Biosynthesis of Urea: XIII. DISSOCIATION-ASSOCIATION KINETICS AND EQUILIBRIA OF ARGININOSUCCINASE

Abstract

Abstract Further study of the cold inactivation of argininosuccinase shows that a new, more slowly sedimenting component is formed which has an S value of about 5.6 as compared to 9.3 for the active enzyme. The two components can be resolved by high speed sedimentation in phosphate but not in Tris or imidazole buffers. The proportion of each component corresponded to the extent of inactivation. On resolution in a sucrose density gradient, the 5.6 S component was found to be enzymatically inactive. Activity was regained by thermal reactivation of the fractions in this peak. Thus, cold inactivation and thermal reactivation are accompanied by reversible dissociation of the enzyme into two, probably identical, subunits which are one-half the size of the active enzyme (molecular weight 202,000). The rate of dissociation followed first order kinetics and the velocity constants increased with increasing pH. Association followed first order or second order kinetics depending on the buffer. A mechanism for the reversible dissociation has been proposed in the light of the kinetic analysis. The kinetic patterns in the direction of association reveal temperature-dependent equilibria between the dimeric and monomeric forms of the enzyme.

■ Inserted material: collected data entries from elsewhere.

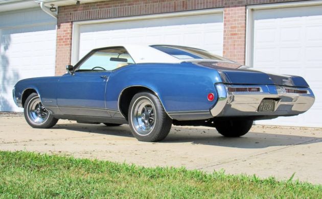 A member of the Riviera’s second generation (1966-1970), the 1969 Riviera was offered in a single two-door hardtop body style, spread across two trim levels, standard (our subject car) and Gran Sport (GS). Sales were brisk, with 52,000 copies finding new homes that year. The seller tells us, “Very clean, original, and good running 1969 Buick Riviera coupe survivor…Body is super straight and rot-free, with solid floors, trunk, and frame. Body panels have minor flaws, chips, and dings since half the paint and body is factory original GM, but the car presents very well as a super clean, correct driver.” The hue is known as Twilight Blue and is claimed to be “rarely seen.” I can’t factually support that claim, but I will admit to not encountering it often on a Riviera. It is said to be 50% original, and everything flows together well; I see no evidence of mismatched panel colors. The white vinyl top is spotless, there’s no evidence of ground-in mung or material fraying. The Buick road wheels are always a standout option, and in this case, they work perfectly with the period-correct, narrow white stripe tires.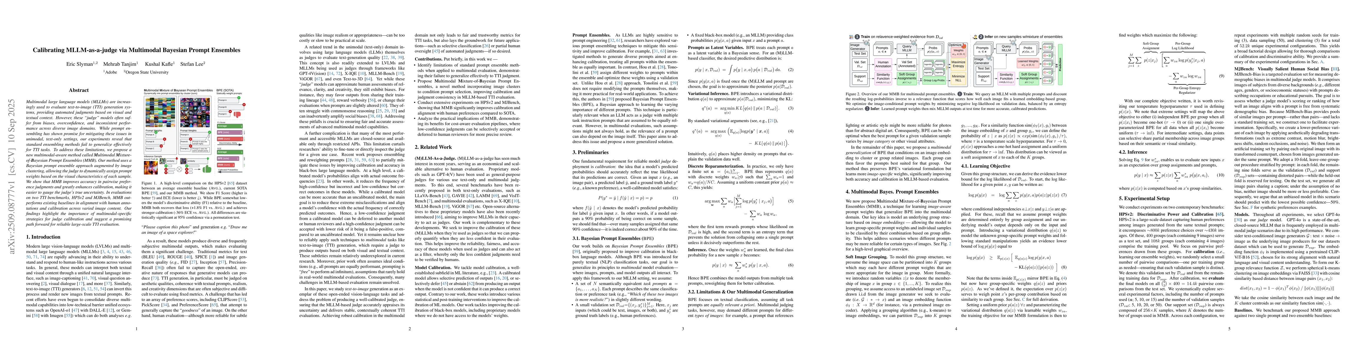 Multimodal large language models (MLLMs) are increasingly used to evaluate text-to-image (TTI) generation systems, providing automated judgments based on visual and textual context. However, these "judge" models often suffer from biases, overconfidence, and inconsistent performance across diverse image domains. While prompt ensembling has shown promise for mitigating these issues in unimodal, text-only settings, our experiments reveal that standard ensembling methods fail to generalize effectively for TTI tasks. To address these limitations, we propose a new multimodal-aware method called Multimodal Mixture-of-Bayesian Prompt Ensembles (MMB). Our method uses a Bayesian prompt ensemble approach augmented by image clustering, allowing the judge to dynamically assign prompt weights based on the visual characteristics of each sample. We show that MMB improves accuracy in pairwise preference judgments and greatly enhances calibration, making it easier to gauge the judge's true uncertainty. In evaluations on two TTI benchmarks, HPSv2 and MJBench, MMB outperforms existing baselines in alignment with human annotations and calibration across varied image content. Our findings highlight the importance of multimodal-specific strategies for judge calibration and suggest a promising path forward for reliable large-scale TTI evaluation.
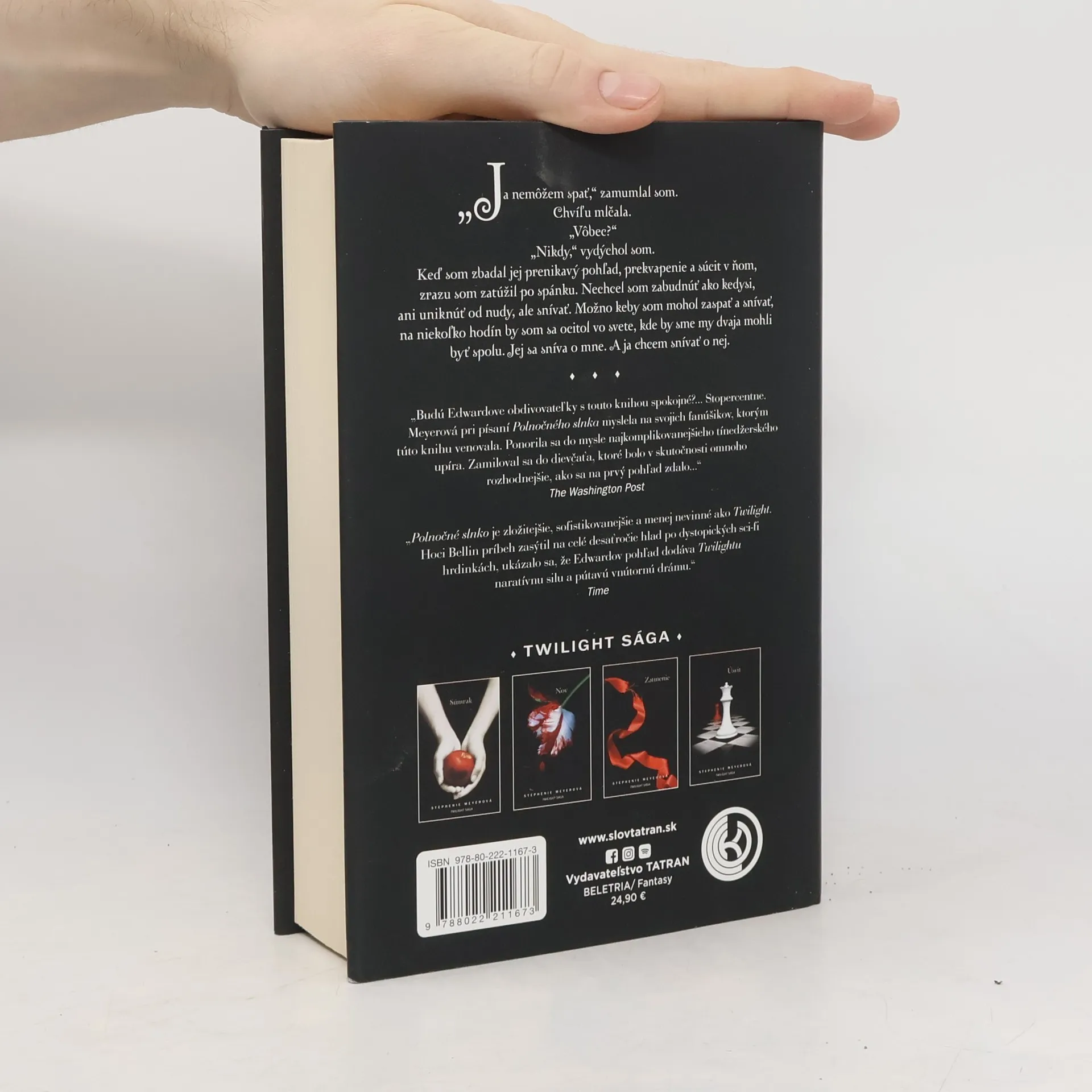 Kultová Twilight sága sa začiatkom milénia stala ópiom pre celú generáciu. Zvodný upír Edward pobláznil nielen vnučky, ale aj mamy a staré mamy. Konečne – takmer po pätnástich rokoch – prichádza prerozprávanie príbehu veľkej lásky z Edwardovho pohľadu. Dlho očakávaný návrat do sveta Twilightu je jednoznačne triumfom. Ikonický príbeh Belly a Edwarda nadobúda nový temný podtón. Pre Edwarda je to najzaujímavejšia udalosť, akú zažil počas svojho dlhého života. Bellin príchod ho znepokojí a fascinuje, s podobným pocitom sa za celé roky v podobe upíra ešte nestretol. V Polnočnom slnku sa dozvieme aj fascinujúce podrobnosti z Edwardovej minulosti, sledujeme jeho vnútorný boj pri pohľade na Bellu, a pochopíme, že je to rozhodujúci zápas jeho života. Edwardov pohľad je zrelší, autorka dotvorila jeho postavu do detailov a zároveň sa viac venuje členom upírskej rodiny, pohnutej histórii Rosalie a jej vzťahu s bratom, Aliciiným víziám a Jasperovmu talentu. Polnočné slnko naplnilo očakávania fanúšikov natoľko, že mnohí volajú po pokračovaní ságy z Edwardovho pohľadu. Twilight zaujal milióny čitateľov, stal sa literárnym fenoménom a stvárnil pre jednu generáciu ideál nesmrteľnej lásky.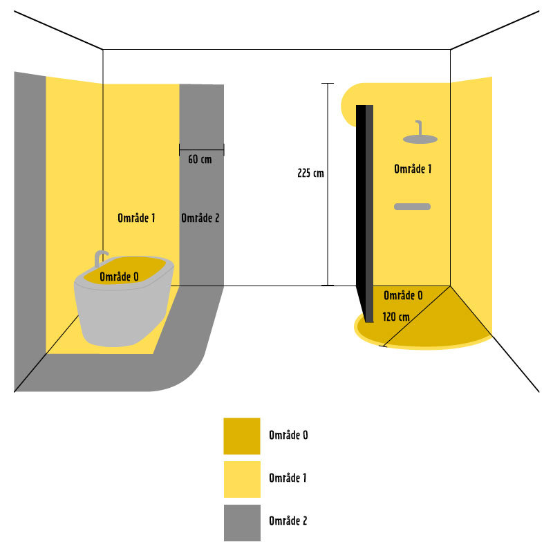 Hvor stort et areal de forskellige områder dækker, afhænger af hvilken type bad du har. Har du badekar, brusebassin eller lukket bruseniche, findes både område 0, 1 og 2. Men har du i stedet en skillevæg, et bruseforhæng eller lignende løsning som afskærmning, bortfalder område 2, og område 1 udvides i stedet.
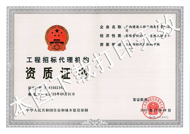 在集團(tuán)、公司領(lǐng)導(dǎo)的關(guān)心、支持以及品牌公司資質(zhì)申報(bào)全體人員的共同努力下,我集團(tuán)旗下子公司廣西建通工程咨詢有限責(zé)任公司于2015年9月8日成功取得由中華人民共和國(guó)住房和城鄉(xiāng)建設(shè)部頒發(fā)的工程招標(biāo)代理機(jī)構(gòu)甲級(jí)資質(zhì)證書延續(xù)。廣西建通工程咨詢有限責(zé)任公司擁有一支技術(shù)能力強(qiáng)、專業(yè)程度高的招標(biāo)代理人才隊(duì)伍,致力于為業(yè)主提供優(yōu)質(zhì)的招標(biāo)代理服務(wù),公司的招標(biāo)業(yè)務(wù)涉及房建、市政、橋梁、水利、公路等多個(gè)領(lǐng)域,囊括土木工程、建筑工程、線路管道和設(shè)備安裝工程及裝飾裝修工程的勘察、設(shè)計(jì)、施工、監(jiān)理以及與工程建設(shè)有關(guān)的重要設(shè)備、材料采購招標(biāo)的代理業(yè)務(wù),此次工程招標(biāo)代理甲級(jí)資質(zhì)延續(xù)的取得為公司招標(biāo)代理業(yè)務(wù)的拓展提供了更廣闊的空間,為公司從區(qū)域公司轉(zhuǎn)型為全國(guó)性公司奠定了堅(jiān)實(shí)的基礎(chǔ)。公司將珍惜榮譽(yù),為實(shí)現(xiàn)集團(tuán)全國(guó)品牌發(fā)展戰(zhàn)略保駕護(hù)航!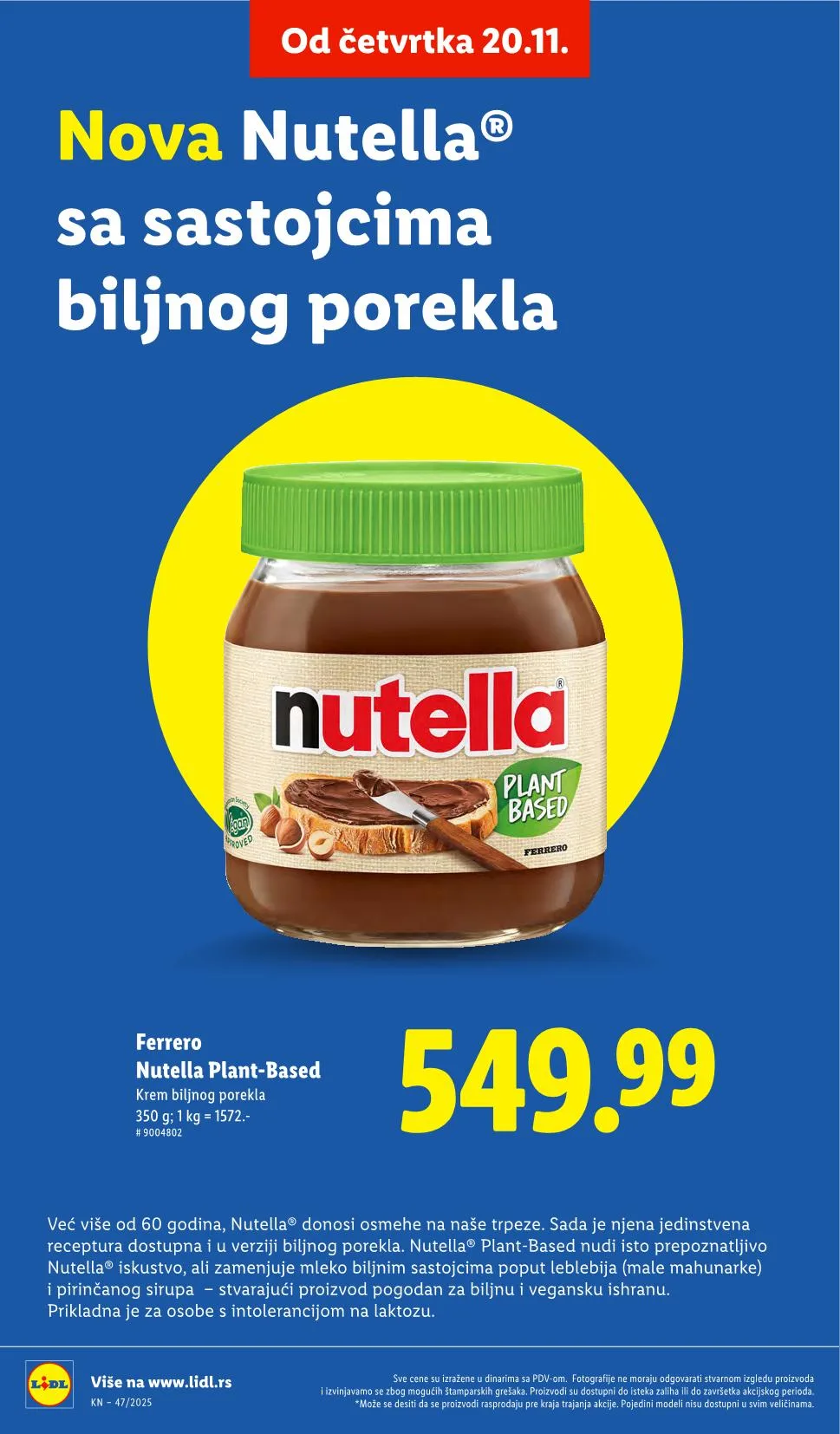 Već više od 60 godina, Nutella® donosi osmehe na naše trpeze. Sada je njena jedinstvena receptura dostupna i u verziji biljnog porekla. Nutella® Plant-Based nudi isto prepoznatljivo Nutella® iskustvo, ali zamenjuje mleko biljnim sastojcima poput leblebija (male mahunarke) i pirinčanog sirupa – stvarajući proizvod pogodan za biljnu i vegansku ishranu.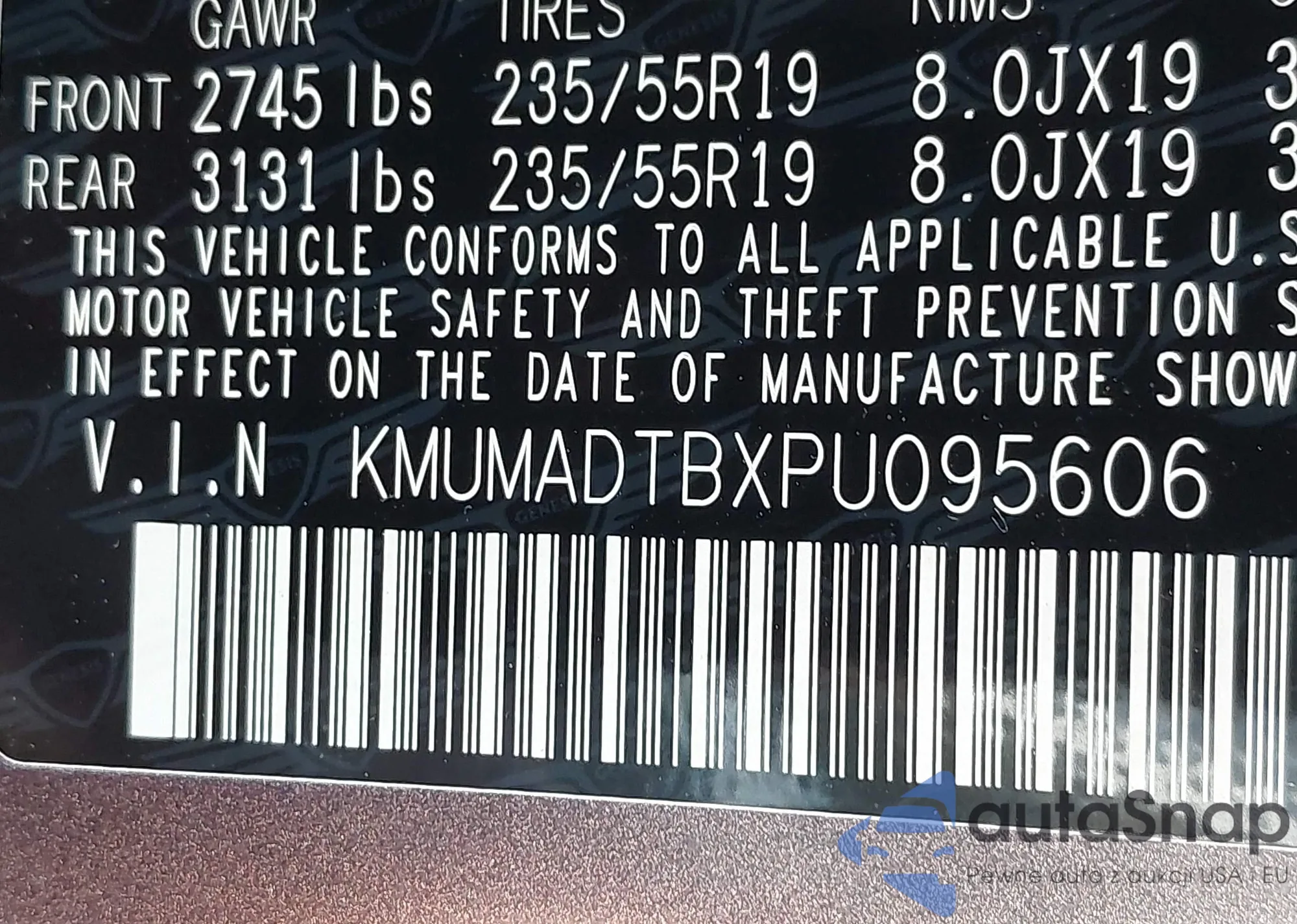 LOT: 42719061 VIN: KMUMADTBXPU095606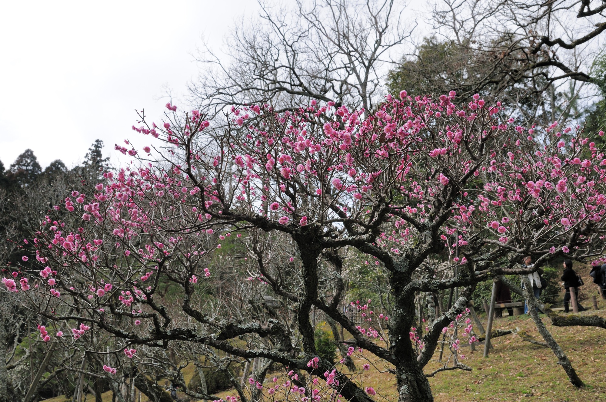 しばらく歩いて平和の大塔が見えるあたりに来ると,ちょっとした梅園があります。そこに入ってみました。見ると白い梅と紅い梅が入り乱れて咲いています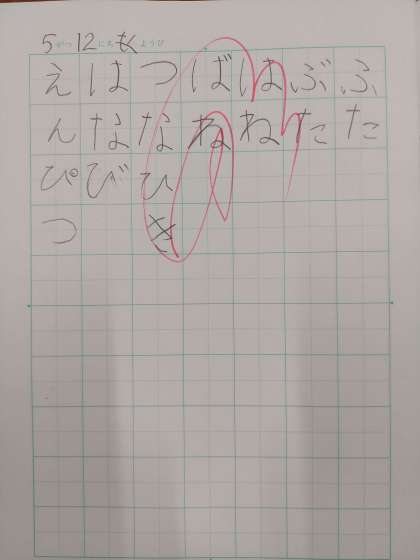 国語科の学習で、初めてノートを書きました。先生が書いた字を見ながら、一生懸命写していました。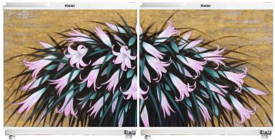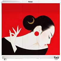 「Haier Think Series 305L冷凍冷蔵庫(JR-NF305AR/AL)」には、デザイン画「Desire」と「Snow」を採用。「Desire」は、305Lを2台購入し、ふだんの生活では1台だけを使用し、パーティやたくさんの食材をストックする時にもう1台を稼動させる使い方を提案。組み合わせると1枚の絵が完成するという芸術性と、エコで便利なスタイルを組み合わせた。「Snow」は、まずは305Lを1台購入しておいて、必要なときにもう1台を横に追加するスタイルを提案。1台でも2台でもアートが楽しめる。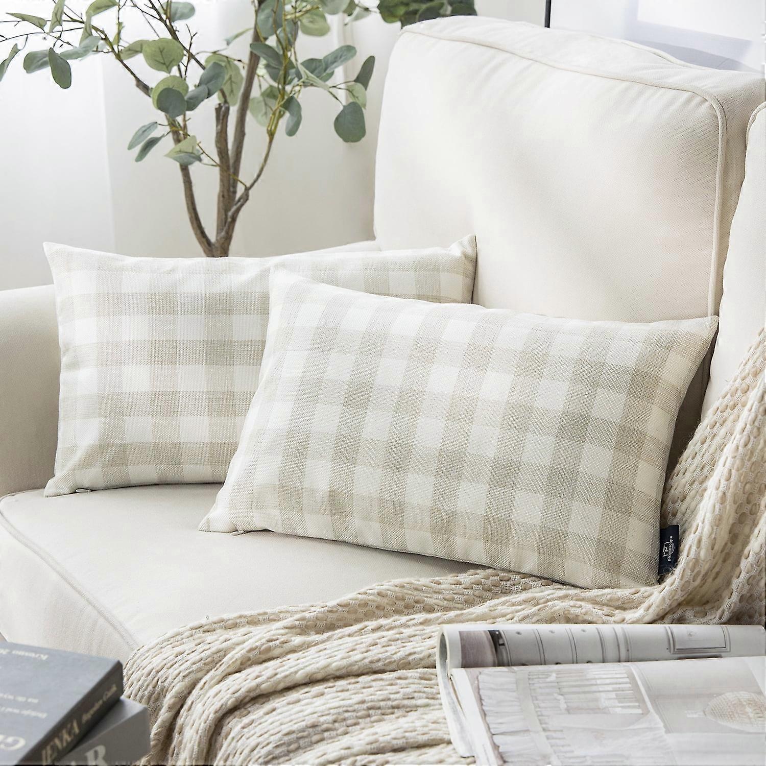 Checkers Series Square Decorative Throw Pillow Covers, Classic Retro Plaids, 12"x20", Off White, Set of 2

The equilibrium constant and the negative change in free energy decreased with a decrease in temperature. The enthalpy and entropy changes were found to be 46 kcal and 189 e.u., respectively, per mole of active enzyme. The negative temperature dependence for association and the large positive value for the entropy change suggests that the active form of the enzyme is stabilized by hydrophobic bonds.